Abstract

Lithium has proven its efficacy in treating bipolar disorder. Severe side effects caused by lithium, including renal and endocrine outcomes, have already been amply documented. The impact of lithium on sexual function, however, is less well known. A 33-year-old man, with no past medical history, diagnosed with bipolar disorder, developed premature ejaculation after short-term use of lithium. The dose of lithium was reduced, leading to a rapid clinical resolution. Retrospectively, lithium-induced premature ejaculation was deemed the most likely diagnosis. Premature ejaculation is a rare side effect of lithium. Changing the time of medication administration and lowering dose could be considered as alternatives. Given lithium’s pharmacological profile, it is likely that the pathophysiologic mechanism behind premature ejaculation is altered levels or altered serotonin receptor sensitivity in the ejaculatory modulating centers of the central nervous system. Given the reluctance to spontaneously report sexual adverse effects, clinicians should be aware of this possible side effect.

1. Introduction

Lithium remains the first-line treatment for bipolar disorder, having the strongest evidence for long-term relapse prevention. Controlled trials provide support for this effectiveness, showing fewer recurrences of depression and effects on suicide and deliberate self-harm prevention [1]. Nevertheless, lithium is not devoid of significant side effects. The risk of progressive renal impairment is well established, while endocrine, metabolic, and gastrointestinal outcomes have also been extensively studied [2]. There are, however, a limited number of studies assessing sexual side effects in patients on lithium [3].

Premature ejaculation (PE) is the most prevalent male sexual dysfunction [4]. According to the Diagnostic and Statistical Manual of Mental Disorders 5th Edition (DSM-5), PE is defined by the inability to control or delay ejaculation, which always or nearly always occurs before or within about one minute of vaginal penetration [5]. It is associated with negative outcomes such as dissatisfaction or distress for the patient with potential avoidance of sexual intimacy.

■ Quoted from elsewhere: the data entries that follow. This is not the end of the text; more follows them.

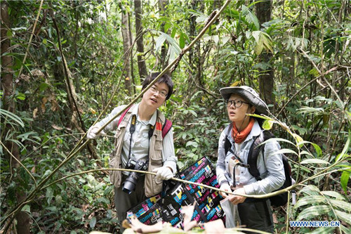 Chinese researchers collect plant samples in the Tamanthi Wildlife Sanctuary in north Myanmar, May 25, 2019. A China-Myanmar joint field expedition, made up with researchers from the Southeast Asia Biodiversity Research Institute of the Chinese Academy of Sciences (CAS-SEABRI) and the Natural Resources and Environmental Conservation of Myanmar, is doing researches on the biodiversity of the Tamanthi Wildlife Sanctuary in northern Myanmar. The expedition, the eighth of its kind since 2014, began on May 14 and will last til June 15. (Xinhua/Jin Liwang)
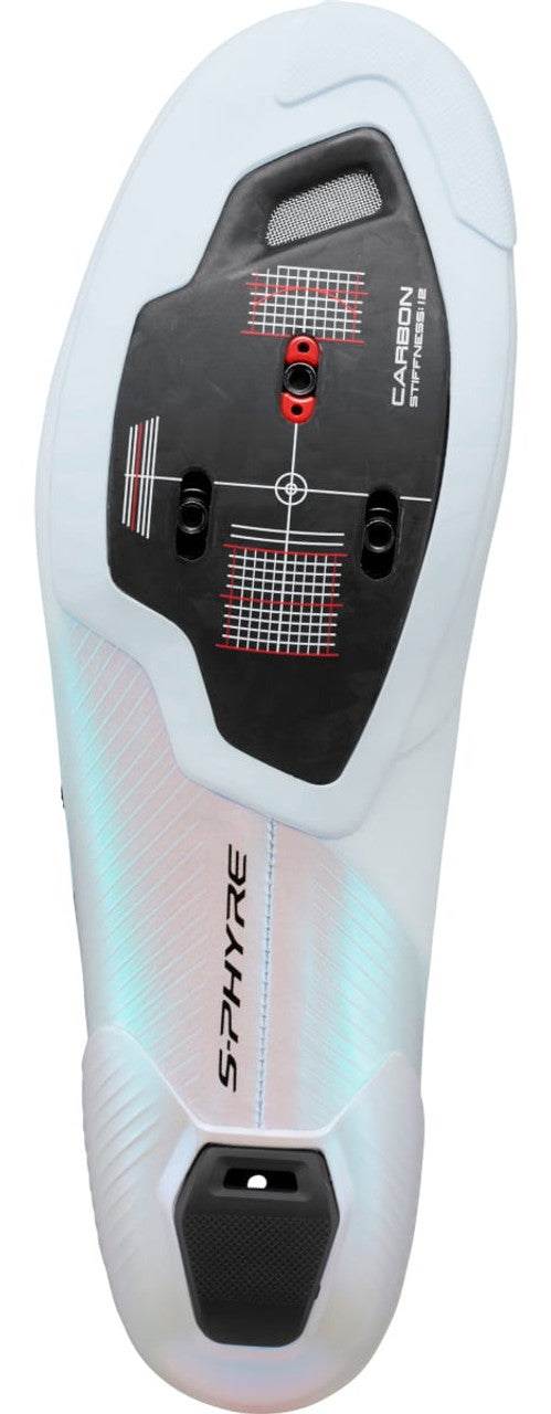 Flagship Racing shoe EvolvedWear Shimano's new Shimano S-Phyre RC903 Road Shoes and be confident.The Lightweight and breathable microfiber leather upper providesoptimal fit and superior comfort when you are striving to perform at your best.Power TransmissionShimano's S-PHYRE range has one goal: to maximize power transmission by delivering more performance per gram. Power transmission is a huge priority with the new S-PHYRE road competition shoe. With that in mind you can be certain that their SH-RC903 S-Phyre Road Shoes embody everything about Shimano's passion to create the best cycling footwear on the planet and to ultimately deliver the results you want and ignite your performance.Accelerating PerformanceThe external curved heel cup suppresses foot twist and roll and is essential to Anti-Twist Stabilisation. The shoes are built to handle the intense twisting forces caused by explosive acceleration. Foot movement studies and pedalling visualizations and athlete feedback have been used to redesign the shoe's structure to support more aggressive acceleration.Comfort is EssentialThe makers of Shimano's S-Phyre RC903 Road Shoes know that comfort is an essential element to power output, not an afterthought. How a shoe fits and feels defines its performance. Super light. Incredibly fast. Close to the action. The SH-RC903 shoes features a sleek, low profile crossover lacing pattern to gracefully secure the foot as well as the surrounded wrapping upper creates a totally engineered fit for all riders. Shimano have perfected Silvadur silver ion technology to ensure you stay fresh as a daisy all day long.Boa IP2 Micro-Adjustment DialsThe unified sole and upper construction set a new level of fit, pedalling stability, rigidity and weight reduction while the dual independent Boa IP2 dials allow quick and precise micro-adjustment even on-the-go.Shimano S-Phyre SH-RC903 Road ShoesTechnology: Silvadur silver ion technology helps prevent odour and stainingClosure: 2 BOA (Li2), BOA PowerZone Guide: allows quick and precise micro-adjustments and securityUpper Material: Microfiber Synthetic Leather 360 surround wrapping creates a supremely engineered fitOutsole Material: TPUMidsole Material: carbon fibre compositeStandard Insole: high density cup insole with adaptable arch padsAnti-Twist Stabilization: secures optimal foot positioning for intense acceleration and high tempo cadencesFunction-Specific Zones: scientifically optimized upper materials maximize fit and pedalling performanceIntegrated Seamless Midsole and Upper Construction: set a new level of fit, stability and performanceTechnologiesStiffness Rating: 12Upper: Microfiber Synthetic LeatherExternal Heel CupCarbon Sole/ Mid Sole: carbon fibre compositeHollow-Channel: Lightweight, ultra-rigid hollow outsoleExpanded Cleat Adjustment Range
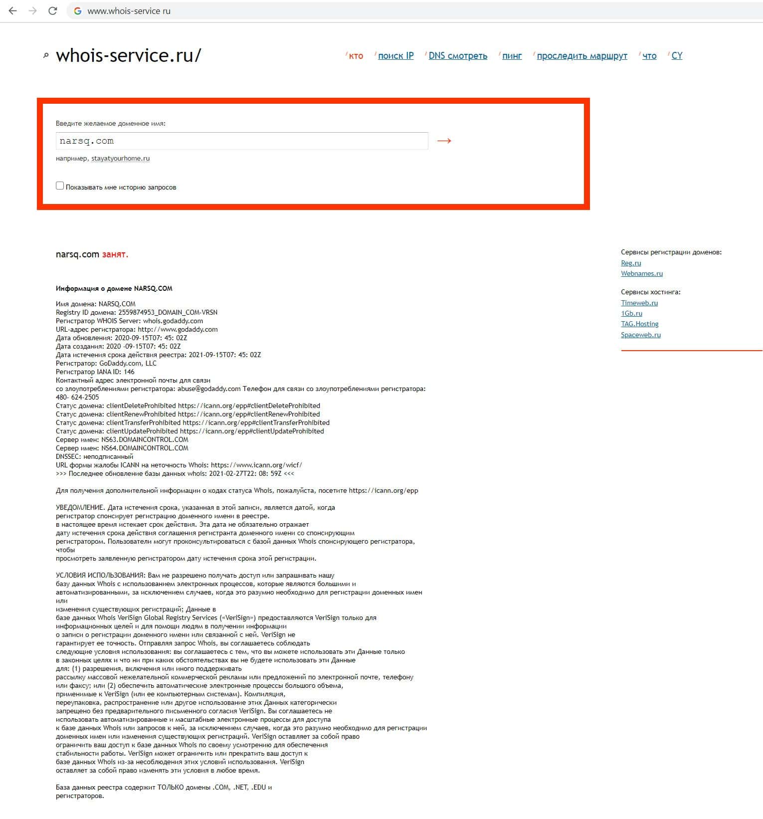 - Кому принадлежит доменный адрес фирмы мошенников Нарск?
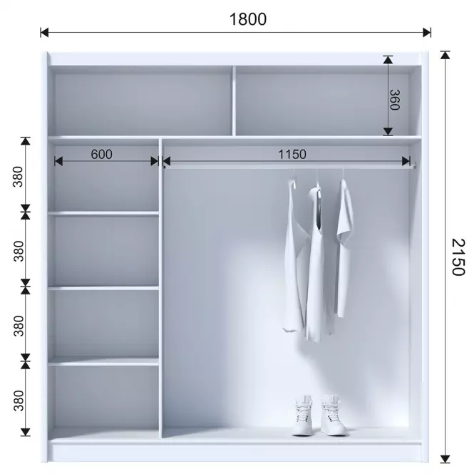 Wnętrze szafy jest starannie przemyślane – znajdziesz w niej zarówno miejsce na wieszaki, jak i półki, co umożliwia łatwe uporządkowanie ubrań i akcesoriów. Jest to mebel idealny dla osób, które cenią sobie ład i porządek, a jednocześnie pragną, aby ich wnętrza były stylowe i nowoczesne.
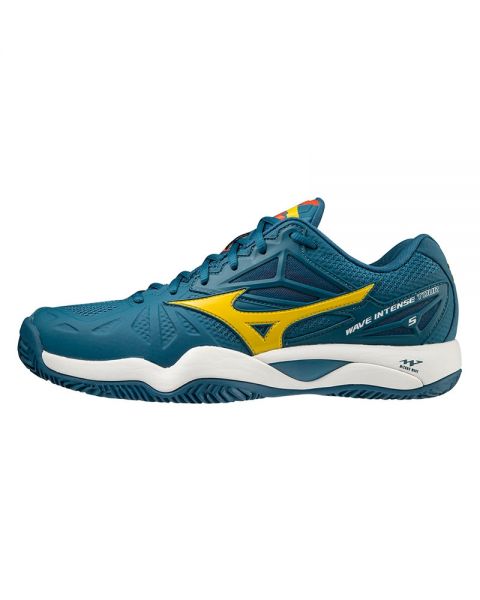 Fatti notare in campo con le nuove sneakers Mizuno Wave Intense tour 5 Clay Court in blu con bianco, realizzate con tessuti resistenti e tecnologie di alta qualità.
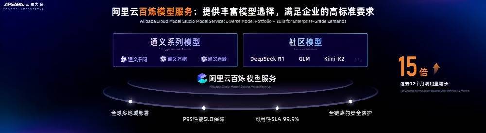 周靖人分享称,到今天,阿里云的百炼模型服务已经完成了全球部署,部分模型的生成速度能够达到100TPS。在过去的12个月里面,百炼模型服务的调用量增加了15倍。
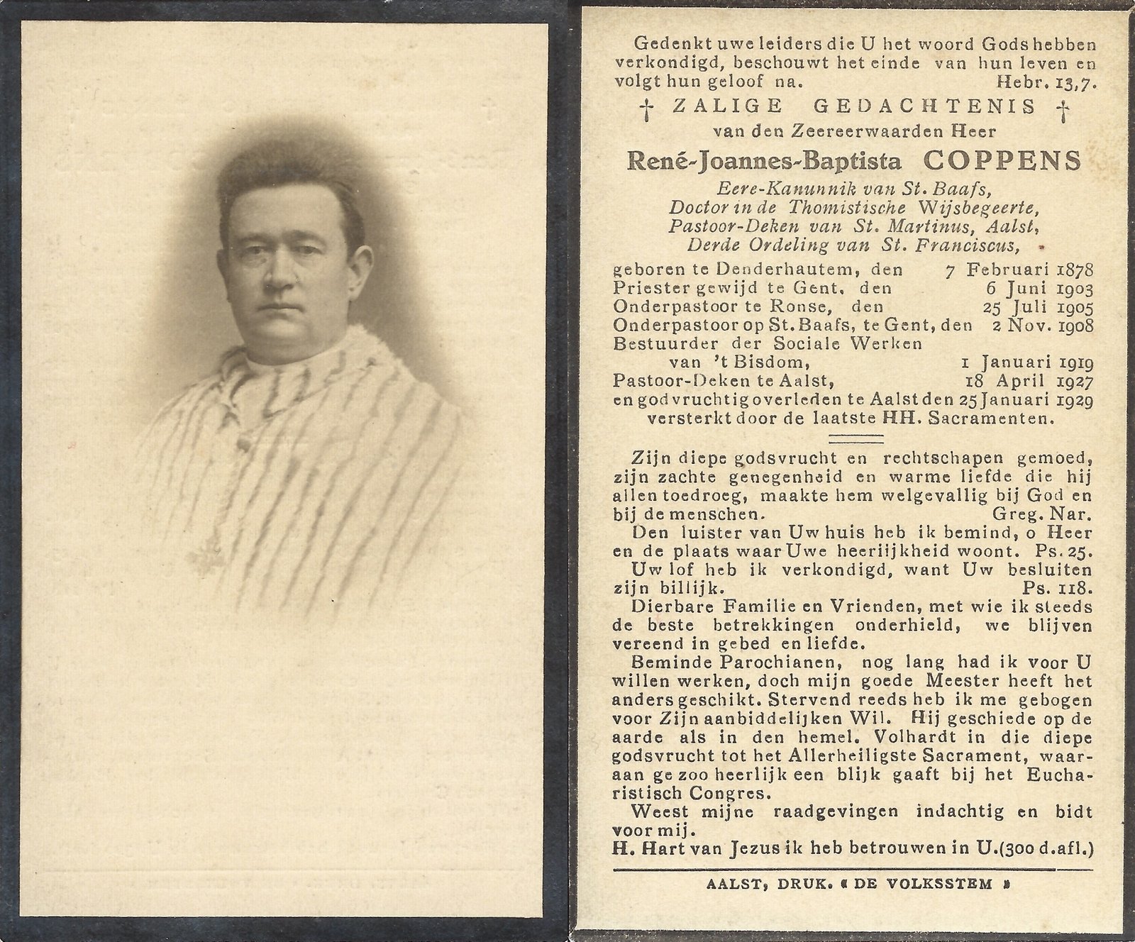 | Coppens René, Priester | Denderhoutem | 07/02/1878 | Aalst | 25/01/1929 |
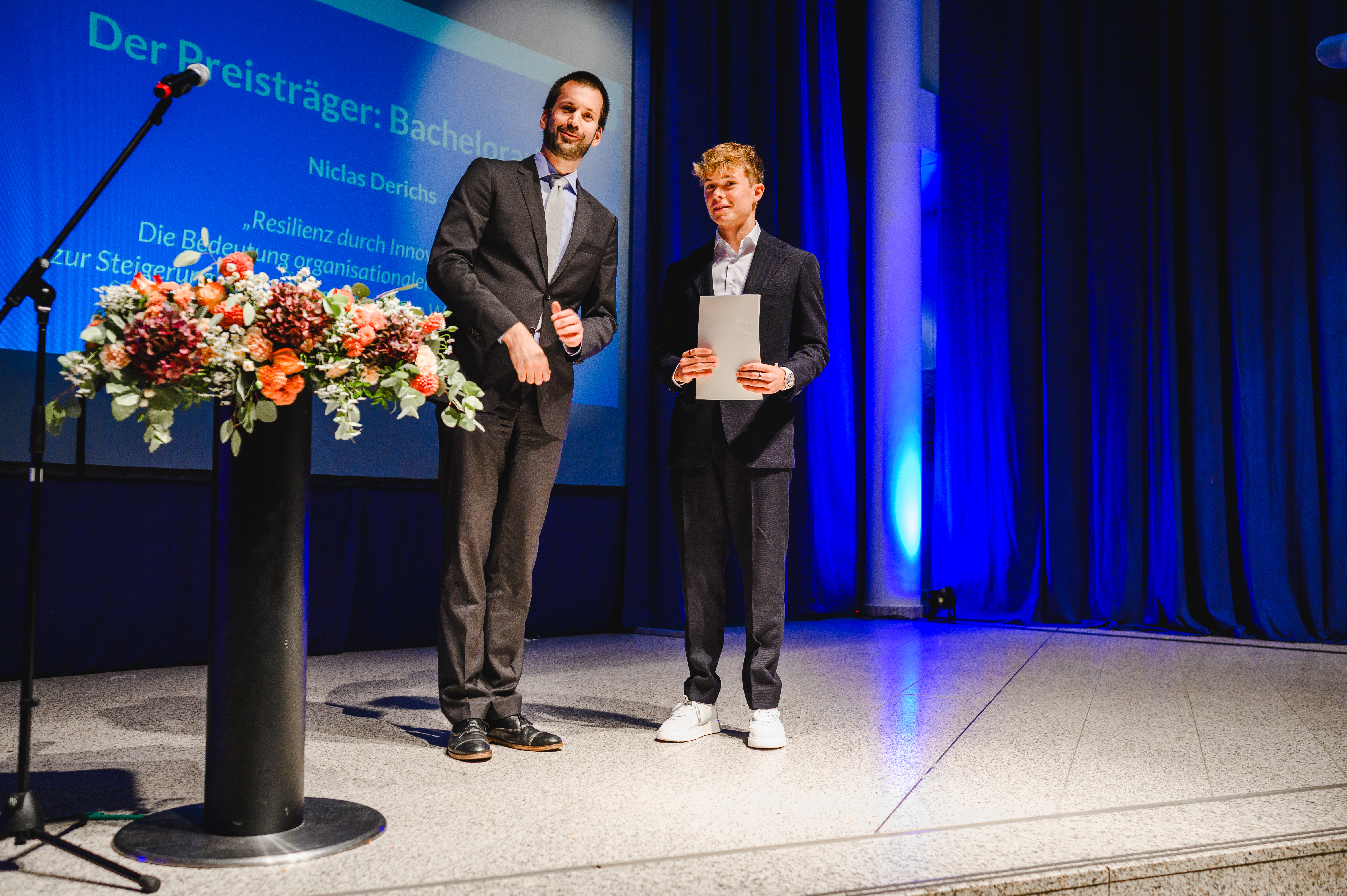 Niclas Derichs dealt with the topic of "The importance of organisational innovation to increase entrepreneurial resilience in the context of global economic challenges" in his final thesis in the Management (B. Sc.) degree programme. Companies must continuously adapt to technological and market-related changes in order to be successful in the long term. The study shows that innovative strength - particularly in the development of new products and processes - is crucial to ensuring economic stability and resilience. The study also finds that small, agile companies are more likely to drive innovation; large companies scale these innovations and apply them on a larger scale.
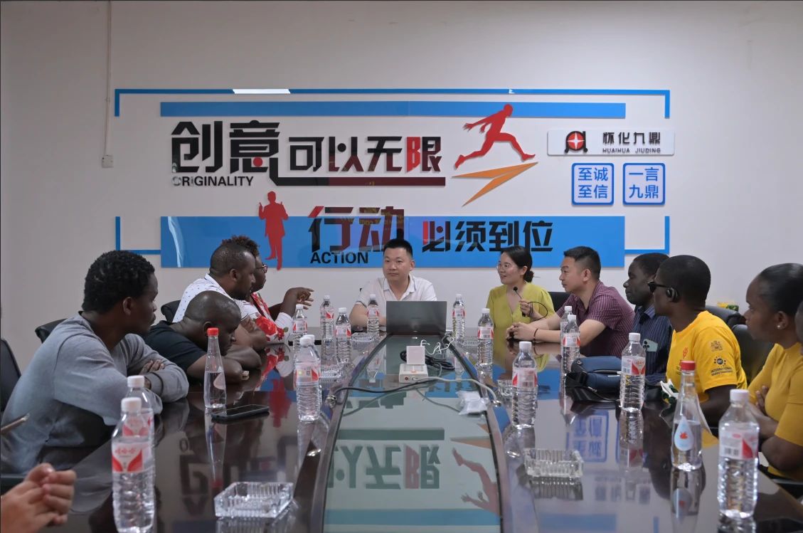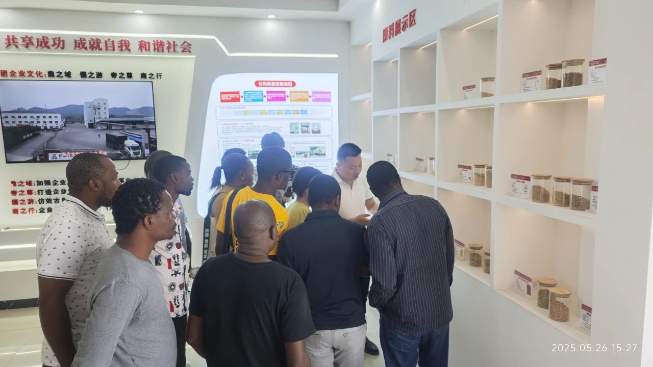 2025年5月26日,在懷化職業技術學院張光有老師的帶領下,來自非洲國家馬拉維的10名農業技術培訓班學員來到湖南九鼎科技(集團)有限公司子公司-懷化九鼎參觀交流。此次交流活動旨在促進中非農業技術交流與合作,雙方圍繞大宗原料采購、飼料生產工藝及質量管控展開深入溝通與交流。
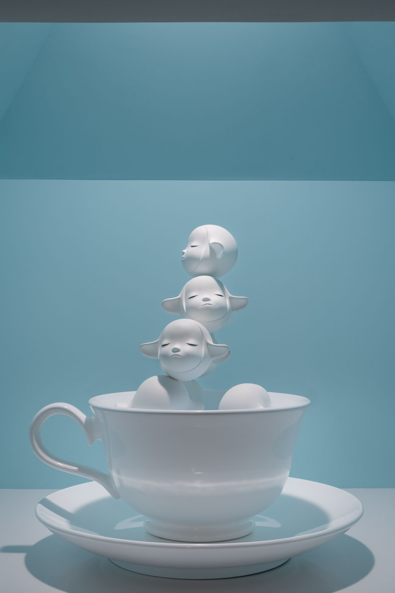 旧名古屋銀行一宮支店の建物を改装した「オリナス一宮」は、神々へ祈りを捧げる真清田神社への参道沿いにあります。ここで展示される《Miss Moonlight》(2020)の少女はまぶたを閉じ、奈良作品のなかでもとりわけ慈愛に満ちた表情で、静かに祈りを捧げているようにも見えます。「月光の少女」を意味するタイトルどおり、髪の毛にはこの世の様々な輝きが投影され、美しい色に溢れています。
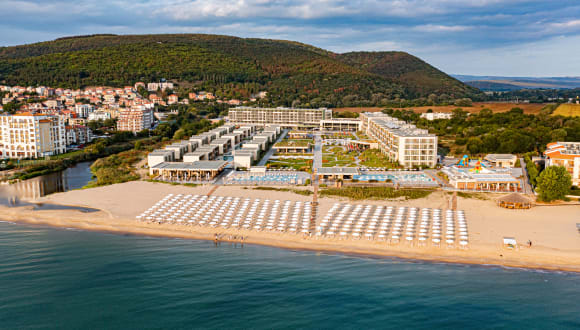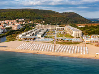 Das neu erbaute Hotel der beliebten HVD Gruppe liegt unmittelbar am wunderschoenen, kilometerlangen, feinsandigen und flach abfallenden Strand von Obzor, neben dem Schwesterhotel HVD Clubhotel Miramar. Alle Annehmlichkeiten des Schwesterhotels koennen mitgenutzt werden. Im HVD Miramar Deluxe befinden sich 2 Swimmingpools fuer Erwachsene, 2 Kinderpools mit Wasserrutschen fuer Kleinen, Sonnenterasse, Liegen, Schirme am Pools und am Strand kostenfrei, Poolbar, Beachbar. Empfangsbereich und Rezeption im Schwesterhotel HVD Clubhotel Miramar / Shuttleservice zum Deluxe Zimmer inklusive/ WLAN, 1 Buffetrestaurant, Burgerbar und 1 A-la-Carte Restaraunt / Steackhouse - 1 mal pro Aufenthalt mit Vorreservierung/. Landeskategorie 4 Sterne, 257 Wohneinheiten, Lift.
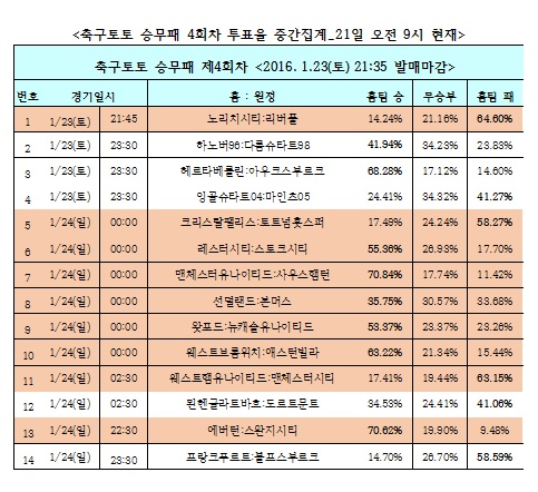 해외 프로축구 14경기 대상 축구토토 승무패 4회차 14경기 투표율 중간집계 결과
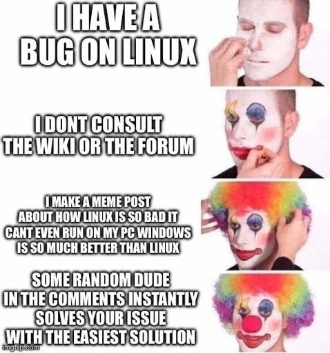 arrow-up1862arrow-down1imageThis happened to me at least 3 times.lemmy.mlLuffy@lemmy.ml to linuxmemes@lemmy.world · 8 months agomessage-square148linkfedilinkfile-text
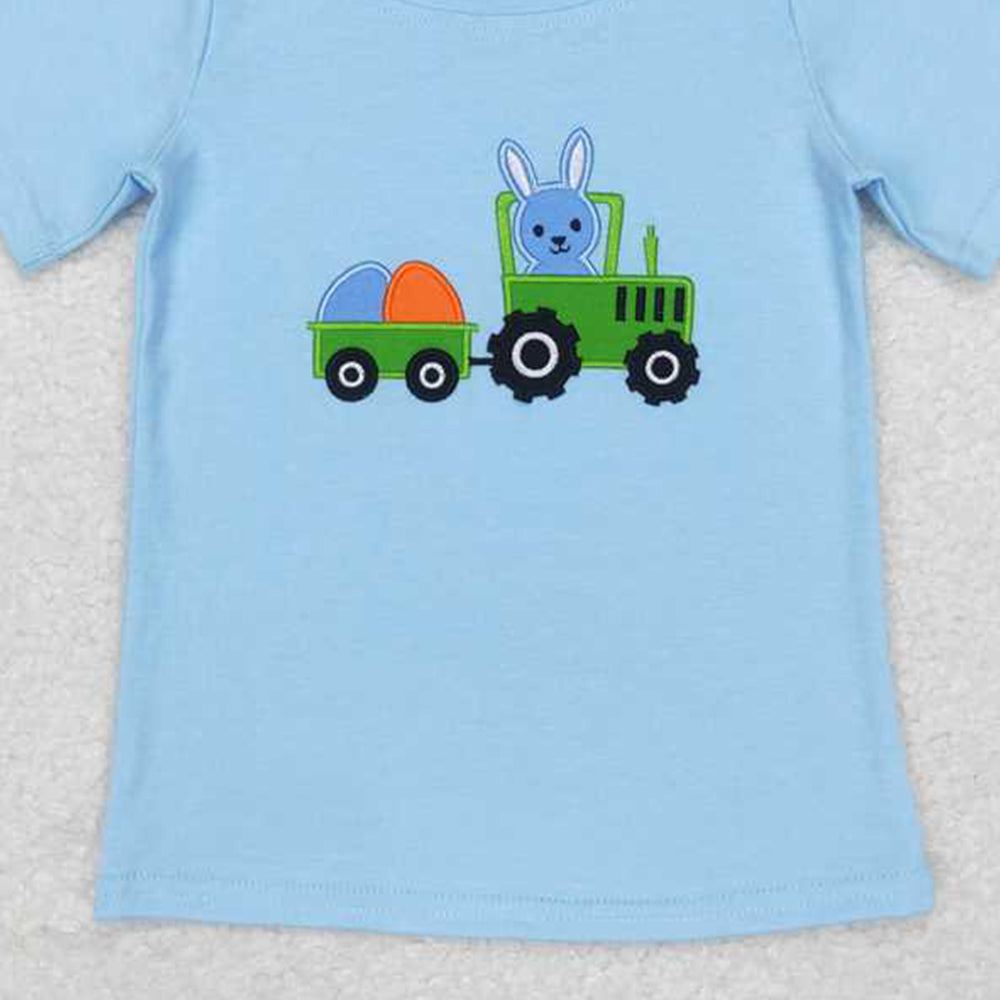 BT0426 RTS NO MOQ Bunny egg tractor blue kids easter shirt

Multiple studies have shown that several drugs could increase the risk of PE [6].

We report a case of premature ejaculation induced by lithium that, to our knowledge, is the first described in the medical literature. To this end, a review of the pharmacological action of lithium will be carried out in order to investigate the biological mechanisms that may explain its association with PE.

2. Case Presentation

A 33-year-old man with bipolar disorder stabilized with quetiapine 150 mg/day was followed in our psychiatry clinic. Considering the high risk of recurrent depressive or manic episodes, we decided to start a proper mood stabilizer.

On 14 February 2020, lithium 400 mg was introduced, and on 7 March 2020, it was steadily increased up to 1000 mg/day. On 26 May 2020, on the next medical appointment, the patient started to report PE. He stated that over the past month, the intercourse time decreased, and the orgasm was achieved within one minute of penetration. This experience was profoundly distressing and present on all instances of sexual activity. Neither prominent erections nor sexual arousal was present. He denied erectile dysfunction, fever, and prostatitis-like symptoms. He had tried topical anesthetics bought in a pharmacy over the counter without any improvement. In the past, he never had any complaint about sexual function, and even when depressed, he had only mildly diminished libido but with normal erection and ejaculation. When manic, he reported increased libido but with no adverse behavioral outcomes.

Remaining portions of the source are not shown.